Ok that is what I thought, my wife was quizzing me earlier and made the comment. So if its wort now, when is not no longer wort. I boldly stated its only wort until the yeast take action, but then when thinking about it I wasn't so sure anymore.
 
i would say that as soon as it has any alchohol in it, then its beer. Even non alch beer has .5 percent alchohol., but its still called beer. it ceases to be wort when the yeast starts to convert it, at that point it becomes beer as the yeast excretes taht first alchohol. you can pitch yeast you know is dead into wort and it will still be wort in my opinion
 
also, I'm willing to bet that moment of pitch and production of alcohol are going to be pretty much the same thing.
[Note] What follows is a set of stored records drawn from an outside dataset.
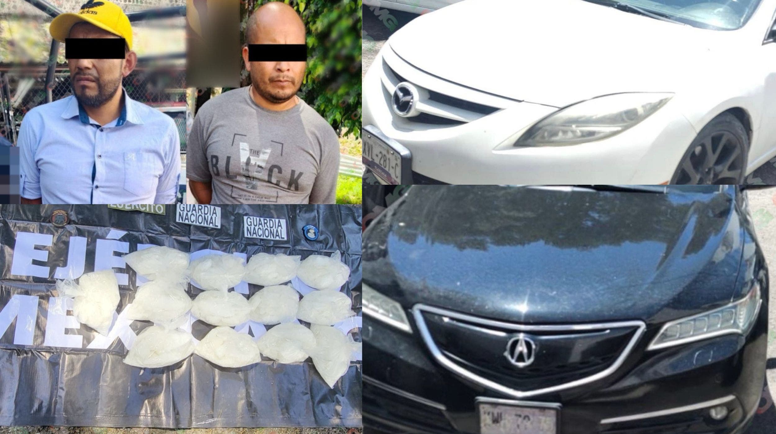 Al inspeccionar un Acura negro con placas XWH-75-79 y un Mazda blanco con placas XVL-281-C, ambos del estado de Tlaxcala, las autoridades hallaron en el primero una caja con 13 bolsas conteniendo aproximadamente un kilo de sustancia similar al cristal cada una.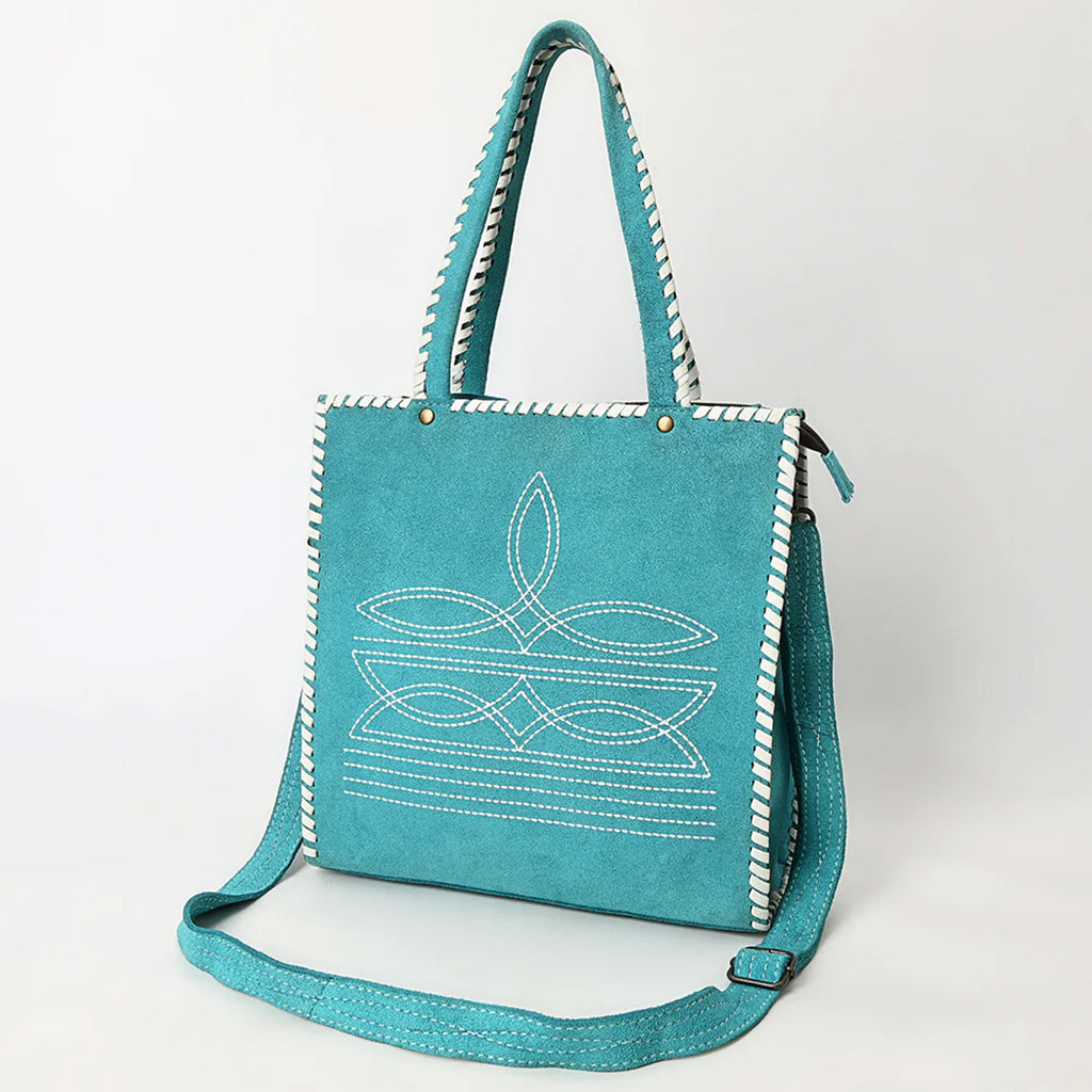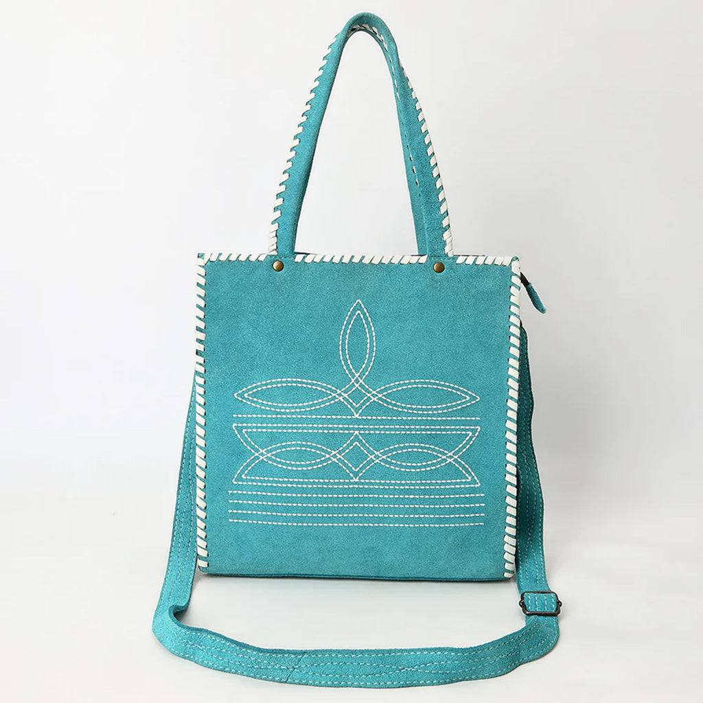 The American Darling Turquoise Boot Stitch Tote blends timeless craftsmanship with a vibrant turquoise finish. Featuring precise boot stitch detailing, this tote offers a spacious interior for everyday essentials while elevating your ensemble with a touch of refined elegance. Ideal for those who appreciate quality and sophisticated style in a versatile accessory.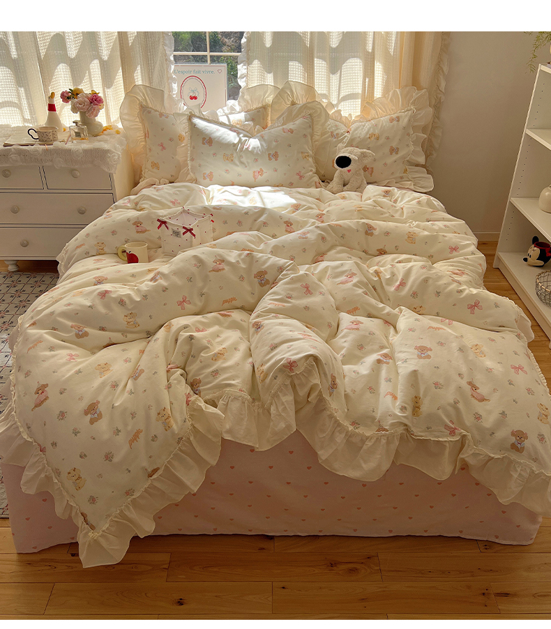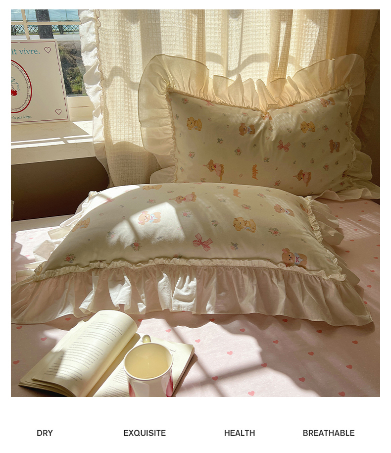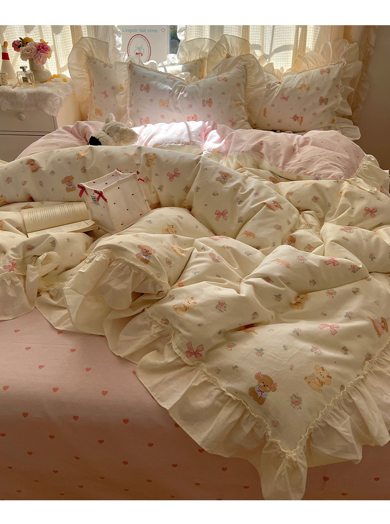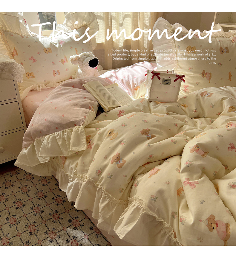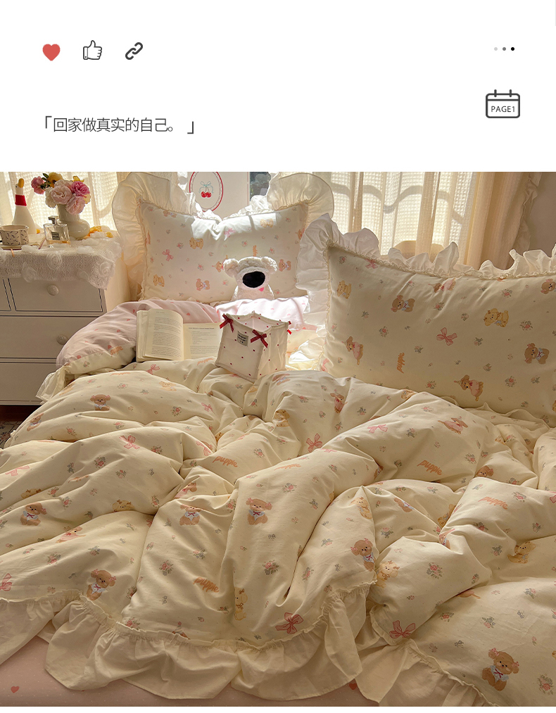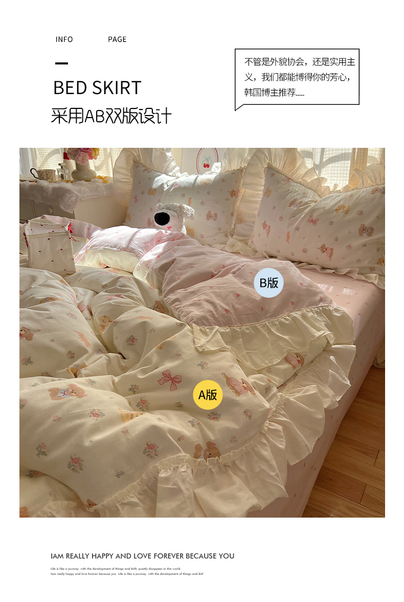 瑞莱 2025新款全棉韩版花边印花四件套 粉结帕博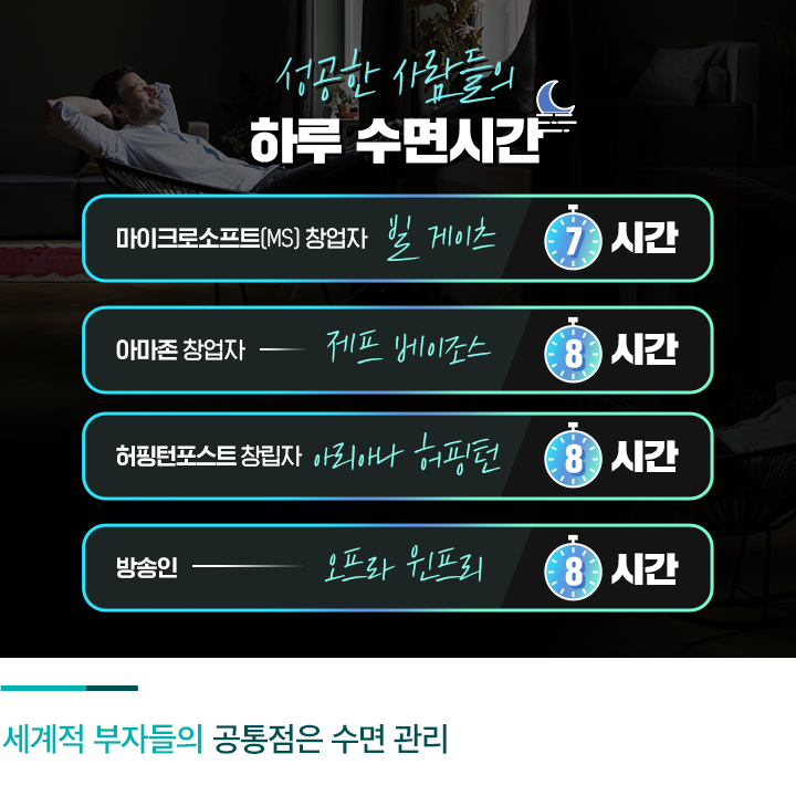 칼럼니스트 ‘벤자민 스폴(Benjamin Spall)’이 5년간 각 분야에서 정상에 오른 30여 명의 인물들을 인터뷰한 결과를 보면 수면 습관에서 여러 가지 공통점을 발견할 수 있습니다. 성공한 사람의 하루 평균 수면시간은 7시간 29분이었고 아침 일찍부터 시작하여 더 큰 에너지, 집중력과 평온을 얻었다고 하는데요. 우리가 잘 아는 세계적인 재벌들 역시 충분한 수면의 중요성을 강조하고 있습니다.

Probabilistically, with 100 billion yeast cells or more at pitching, one of them is bound to produce a molecule of ethanol. Not detectable in any sense, and it will still take a while for the bulk of the cells to get going, but it's there, so if your definition of beer is when alcohol is produced, I'd say it's beer pretty much when the yeast is pitched.
 
also, I'm willing to bet that moment of pitch and production of alcohol are going to be pretty much the same thing. Probabilistically, with 100 billion yeast cells or more at pitching, one of them is bound to produce a molecule of ethanol. Not detectable in any sense, and it will still take a while for the bulk of the cells to get going, but it's there, so if your definition of beer is when alcohol is produced, I'd say it's beer pretty much when the yeast is pitched.